Who are the elite controllers? No, they're not initiates of Yale's
secretive Skull and Bones Society or members the Trilateral
Commission. Elite controllers are people infected with HIV who have
been able to suppress their virus without using antiretroviral
medications. And Dr. Bruce Walker of Boston wants to meet them and
find out how they do it.

It's been appreciated for many years that some people with HIV do not
progress to AIDS at the same pace as most. Typically, the immune
damage of untreated HIV infection will lead to life threatening
opportunistic infections within eight to 12 years. But some people
have been infected for 20_25 years or more and have not yet
experienced the severe loss of CD4 immune cells that signals AIDS.

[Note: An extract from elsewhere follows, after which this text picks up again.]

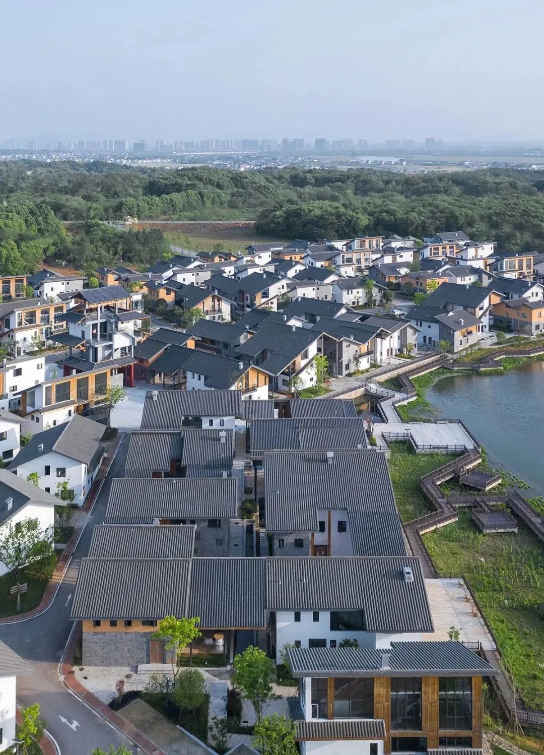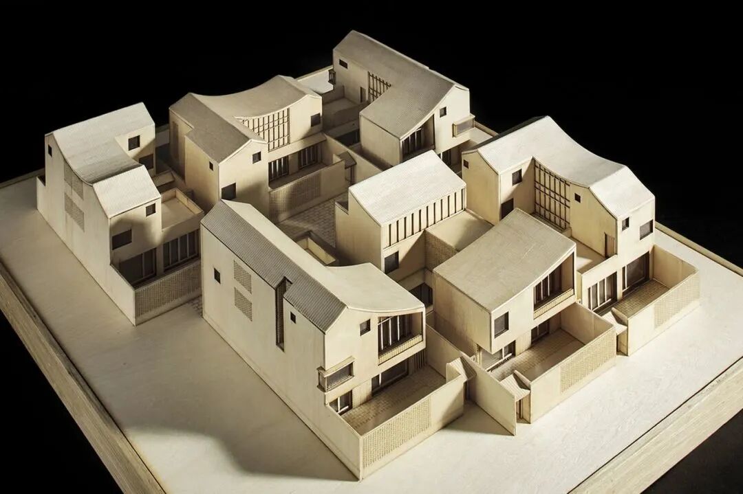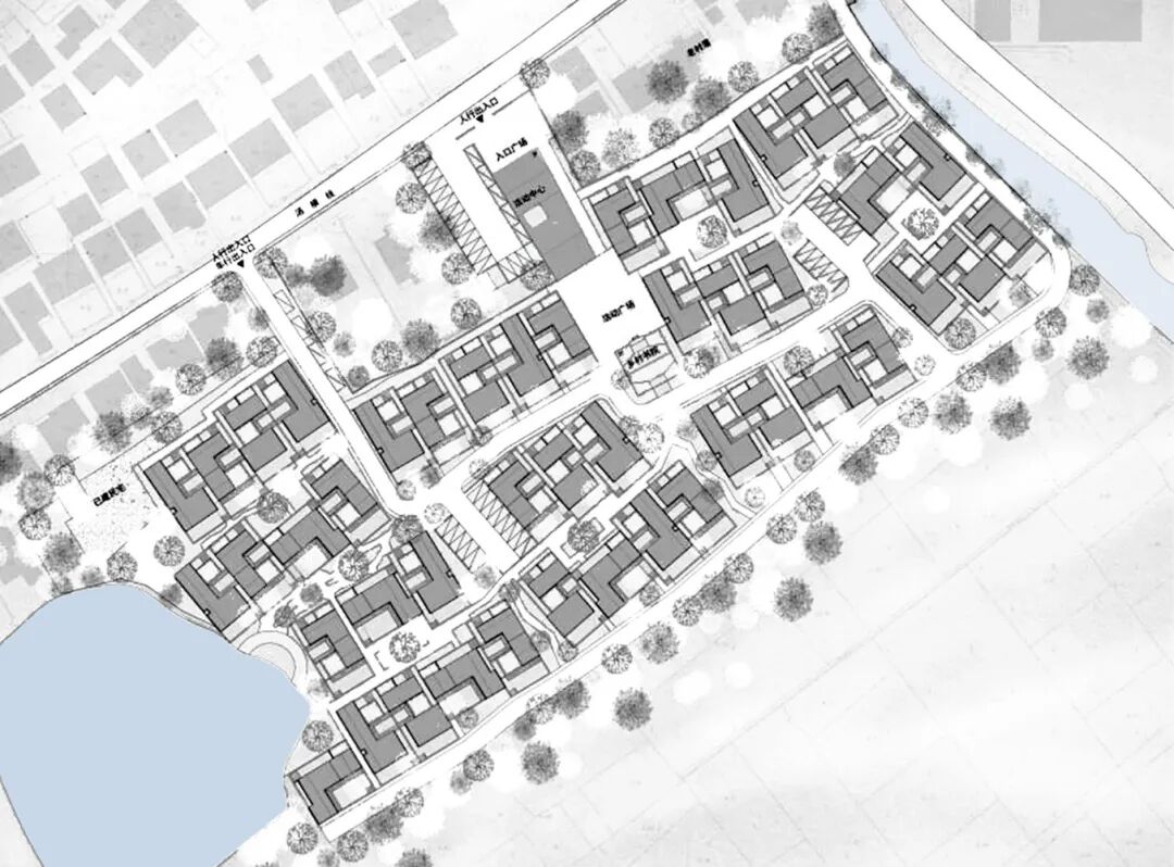 这是一个江南村落回迁安置项目。项目在规划上从传统肌理的院落空间基本单元出发,遵循从单元生成组团,再由组团演变成村落的生长逻辑,通过四种基本单元的组合再现传统聚落的多样性。
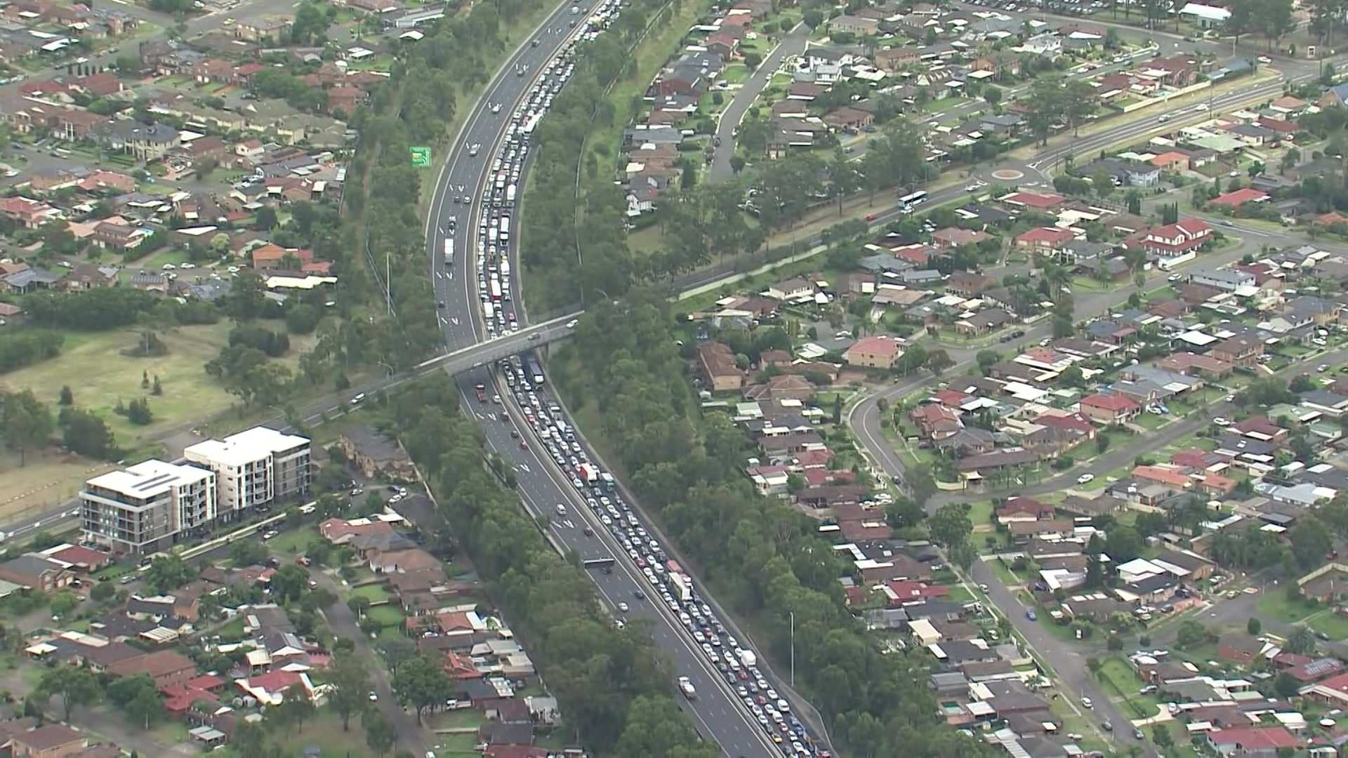 )Traffic on the M5 Motorway is backed up for kilometres following a two-car crash in Sydney's south-west.

These people have been termed long-term nonprogressors, and in the mid
1990s, researchers began studying them to try to understand why some
people progressed to disease and others didn't. The ultimate hope was
that whatever protective qualities these people carried naturally
could be stimulated in everyone. There are also other long-term
survivors of AIDS who have experienced immune damage but have managed
to thwart the virus with treatments, although these people may also
have had help from their immune system or a genetic resistance to HIV.

For Walker and colleagues at the Partners AIDS Research Center who are
coordinating the study, duration of infection is not the main
criterion; they are looking for anyone who can control their HIV
without drugs. Elite controllers are defined as people with
asymptomatic HIV infection not taking antiretroviral therapy (ART) who
have experienced at least one year with HIV RNA below 50 copies/mL
(undetectable). Participants must have at least three sets of test
results documented within one year. Occasional viral load blips up to
1,000 copies/mL are allowable.

Walker estimates that there may be 1,500 or more elite controllers in
the United States. The research group has already collected blood from
over 100 people and has set a target of enrolling 1,000 elite
controllers into the study. They are also interested in finding a
similar group of people with asymptomatic HIV infection who, while not
undetectable, do manage to keep their HIV RNA levels under 2,000
copies/mL without drugs. Walker calls these people, who may be much
more common, viremic controllers. A long list of prominent HIV
physicians have signed up to scout for elite controllers, but
individuals who think they fit the criteria can contact Walker's group
in Boston directly to submit a blood sample.

The study plans to use gene sequencing techniques of the Human Genome
Project to construct a haplotype map for each participant, in hopes of
identifying genetic factors that may be contributing to their ability
to control HIV infection. A haplotype map allows scientists to look
for variations in genes as they are commonly organized on the
chromosomes. Advanced data analysis will evaluate if multiple gene
variants are possibly associated with spontaneous control of HIV.
Genetic sequencing and data analysis will be performed at the Broad
Institute in Boston. Additionally, high resolution HLA typing will be
conducted to look for genetic differences in these immune markers, and
adaptive immune responses and antibody studies will also be performed.
The entire genome of each person's virus will also be sequenced to see
if some viruses are more controllable than others.

These new genetic tools allow researchers to take the closest look yet
at what might make those lucky few who can control their HIV without
drugs different from everyone else. If they can uncover some
previously unrecognized protein or mechanism that is common to all
elite controllers, then the next step will be to look for a drug than
can safely produce the same effect in everybody else.